To reduce hum you need to find its source. Poor grounding is a likely candidate. People often say something like "I used a star, so it can't be grounding at fault". Then we find that they have injected hum right into the ground point!
To reduce hum you need to find its source. Poor grounding is a likely candidate. People often say something like "I used a star, so it can't be grounding at fault". Then we find that they have injected hum right into the ground point!
Just to avoid any confusion, changing the build-out resistor when changing the anode load is done to avoid the need to change any other component. This assumes, of course, that the net anode impedance was taken into account when calculating the resistor value. Note that for RIAA networks, like all such networks, it is the net impedances which matter not the component values. The components will find themselves in series or in parallel with other circuit impedances so it is the net value which counts.

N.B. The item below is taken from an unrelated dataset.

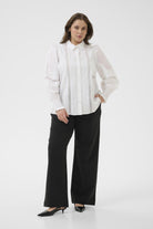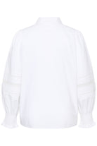 De Kaffe curve blouse 2007 10583910 in Optical White is een feitelijke toevoeging aan je garderobe. Deze witte damesblouse van Kaffe curve heeft een klassieke ronde kraag en een knoopsluiting over de gehele lengte. Je ziet verfijnde verticale plooien en kanten inzetstukken aan de voorzijde en op de lange pofmouwen. De mouwen eindigen in een gesmokte manchet, wat zorgt voor volume en detail.
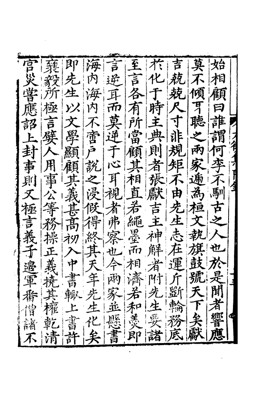 始相顧曰誰謂何李不馴古之人也於是聞者響應莫不傾耳聴之兩家逓為桓文執旗鼓號天下矣獻吉兢兢尺寸非規矩不由先生志在運斤斵輪務底扵化于時主典則者張獻吉主神觧者附先生要諸至言各有所當顧其相直若繩墨而相濟若和羹即言逆耳而莫逆于心耳視者弗察也今兩家並懸書海内海内不啻戸說之浸假得終其天年先生化矣即先生以文學顯顧其義甚高初入中書輙上書許襄毅所極言嬖人用事公等務操正義撓其權乾清宫災嘗應詔上封事則又極言義子邉軍番僧諸不

So no, once you change one component value to compensate for a change in circuit impedance nothing else has to change.
So no, once you change one component value to compensate for a change in circuit impedance nothing else has to change.

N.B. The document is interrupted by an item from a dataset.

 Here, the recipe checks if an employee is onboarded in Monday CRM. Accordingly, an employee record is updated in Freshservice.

Here is the complete schematic, including the CCS adaption.
If recalculation results in changing the the 219K resistor to 190K, then will this affect the other RIAA network values, was the original question.
Thank you all for your comments.
(still not quite happy with overall performance)
Harm
If recalculation results in changing the the 219K resistor to 190K, then will this affect the other RIAA network values, was the original question.
Thank you all for your comments.
(still not quite happy with overall performance)
Harm
If you don't use any filtration (schematic 1) between PSU, AND each stage, you likely built a good mixer!
See my simulated FFT: only 10mV (100Hz) hum over +300V generates enormous HUMM on the output.
If you use correct R-C filtrations, this hum will decrease 50-60dB!
Good CCS (for example cascode depletion MOSFETs - LND150-) also helps a lot, but if the second stage B+ is not filtrated it's worthless.
p.s Are you sure, that RIAA (R, C) values are all correct for parallel 5751s? Simulated curve is very ugly.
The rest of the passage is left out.